If you listen to the lesson on binary flags, you may remember that there are three things that fundamentally changed my approach to modeling. The first was sensitivities and scenarios which are covered throughout the course. The second was binary flags that show when something occurs over a specific duration. And the third, which is the topic of this lesson and something dear to my heart are control accounts

And to be honest, of all of the best practice concepts, this is the one that actually changed the way that I tackle problems. From a modeling standpoint, it changed my life and you can’t be a model without them. This lesson will introduce you to control accounts and their benefits. We won’t cover the specific formula required as this will depend on the problem we are actually tackling. So that will be covered later in the course. Accounts present a way to tackle problems and are also a way to show information in a really simple and clear manner. Models are full of numbers and we’re constantly having to record volumes of something over time, such as the money we owe to someone or the amount of inventor I have on my balance sheet, or perhaps the volume of physical items such as the number of pens I may or may not steal from Dan’s desk…. My precious….
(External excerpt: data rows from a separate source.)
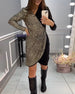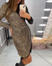 Modisches, langärmliges hüftkleid mit leopardenmuster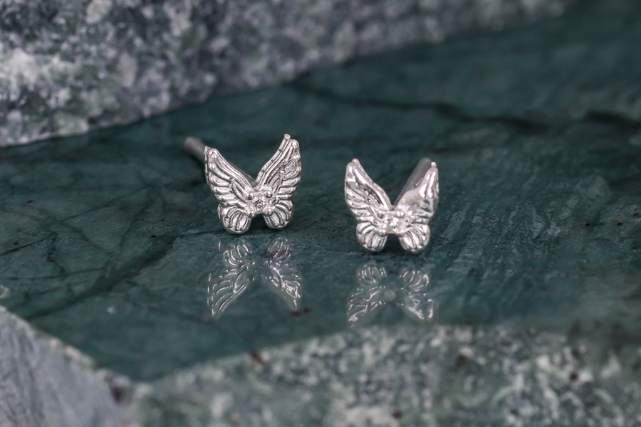 BRINCO EM PRATA, BORBOLETA COM 1 ZIRCÔNIA 4,60mm ALTURA, EM FILIGRANA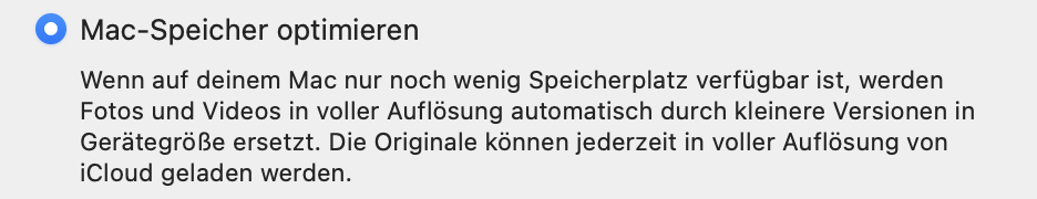 Ich habe meine Fotos in iCloud. Auf meinem MacBook Air habe ich jetzt ein Speicherproblem. Obwohl ich in den Einstellungen "meinen Speicher optimieren" (sowohl in Fotos als auch in iCloud) eingestellt habe verbraucht Fotos noch immer ⅔ des gesamtem Speichers. Kann ich das irgendwie beschränken oder Fotos anders konfigurieren?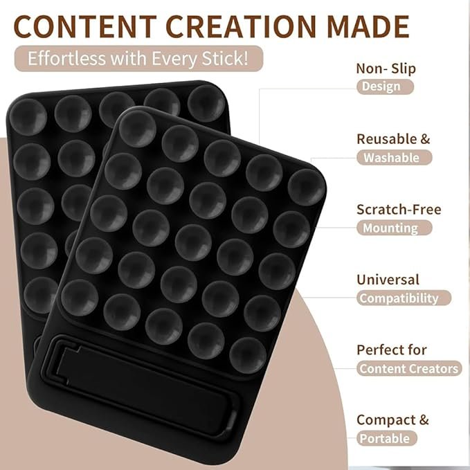 Experience effortless hands-free convenience with the Fashionury Anti-Slip Silicone Suction Phone Mount, designed to stick securely to smooth surfaces for worry-free use. Made with high-quality, anti-slip silicone and advanced suction technology, this sticky pad firmly holds your phone without falling—ideal for selfies, video recording, video calls, makeup tutorials, navigation, and watching content.
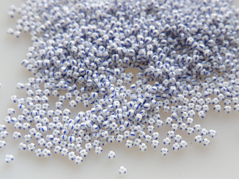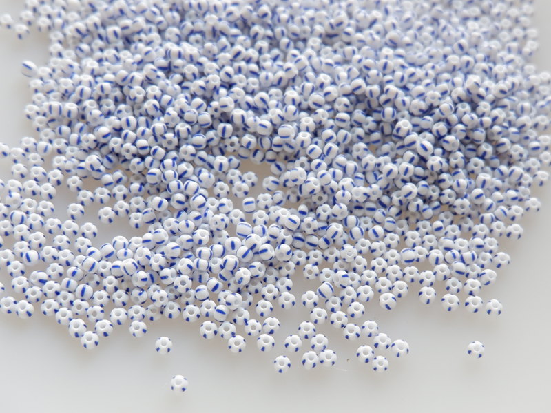 チェコスロバキア ヴィンテージ・シードビーズ2.2ミリ 11/0【ホワイト×ブルー】5グラム 丸小ビーズ カンネ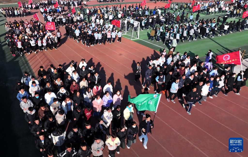 12月25日,来自民和县官亭镇土族中学的学生在民和县城西高级中学的操场上跑操(无人机照片)。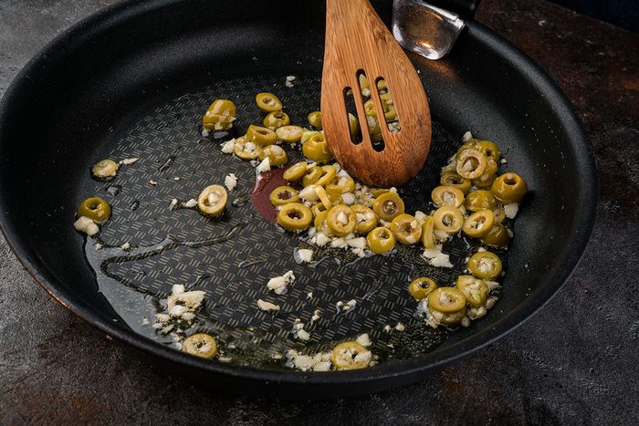 Очистите чеснок, мелко порубите. Нарежьте оливки кружками и поджарьте вместе с чесноком на сковороде с оливковым маслом.
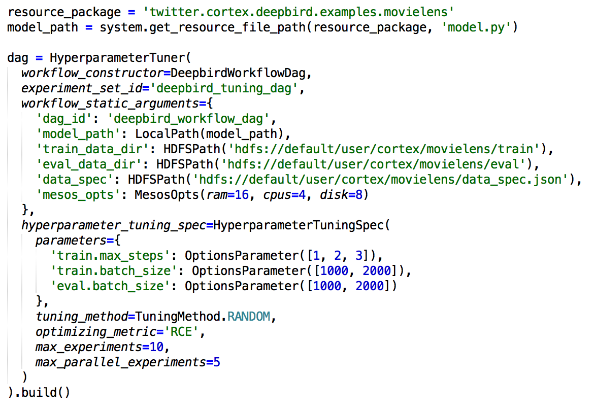 To make this more tangible, suppose a user has created a simple DeepBird model defined as a Python file which can be trained given some parameters. To apply hyperparameter tuning, the model needs to be wrapped in a SubDAG that exposes the parameters to the tuner.

So let’s use a really simple example of a $100 million loan with four equal annual principal repayments of $25 million to introduce the concept of an account. Of course my inputs are separated from my calculations as learned in the introduction to best practice modeling. In the calculation section, I have control account calculations, which represents the balance of the loan over time. There are four labels in the section being the opening balance; that’s the balance of a loan at the start of the period, or how much we owe the lenders. The second draw downs, BOP, that’s any money I draw down on my loan, in this case in year one. BOP stands for beginning of period, so I’m assuming the drawdown occurs at the start of the year. Principal repayments, that’s the principle I’m paying back to the lenders. We would also assume that occurs at the end of the year and finally closing balance. That’s the balance of the loan at the end of the year. So, to the calculations: at the beginning of year one, I draw down $100 million. It is positive as it increases the amount of the loan I owe, it adds to my account balance. The $25 million repayment in year one reduces my balance. So we make this a negative.

You may also notice now the labeling of minus principal repayments being a reduction in them in the balance and plus drawdowns, adding to the balance. Be obvious. This helps the user. Who knows, maybe even I will understand it.

I have a closing balance of 100-25=75 million, and my opening balance in year two just equals the year one closing balance. Why? Well, the closing balance in the year one represented the balance at the very last second of year one, and the opening balance in year two is just the balance of the very first second of year two, nothing’s changed in that one second. So I drew this loan in year one and I repay another 25 million in year two to reduce my balance to 50 million. As calculations must be consistent across the row, I copy and paste the calculations across to year three and four and we see the loan pays down as expected to 0 at the end of year four. I’m not quite done though. I haven’t actually added, an opening balance in year one.

Because I need to copy one formula across the whole row, this should be the same calculation as the rest of the row, where the opening balances always refer to the previous periods closing balance, but if I do that, I’m linking to the closing balance in the totals column.

But Haydn, isn’t that a really bad practice?

Fair point Dan. Look, some people may not like this and best practice modeling really is subjective. But what we do here at Pivotal180 is we create a style called blank, shown as black on the screen with no value in the closing balance line under the total column. This is telling the user not to touch the cell. It is being used for something. So look, personally Dan, I’m okay with it. What’s particularly nice about this account is that I can clearly see my opening balance, my draw down, my principal repayments, and my closing balance. It’s uber clear, and even better, I can see the total drawdowns and the total repayments equal each other. That’s a great check. I want to know if I’ve repaid my loan. Look, accounts clearly show outputs in an easy to understand manner, but the real power will come as we build these throughout the course.

Just trust me with this one thing: if you have a volume to record of anything over time, start your calculations by building a control account.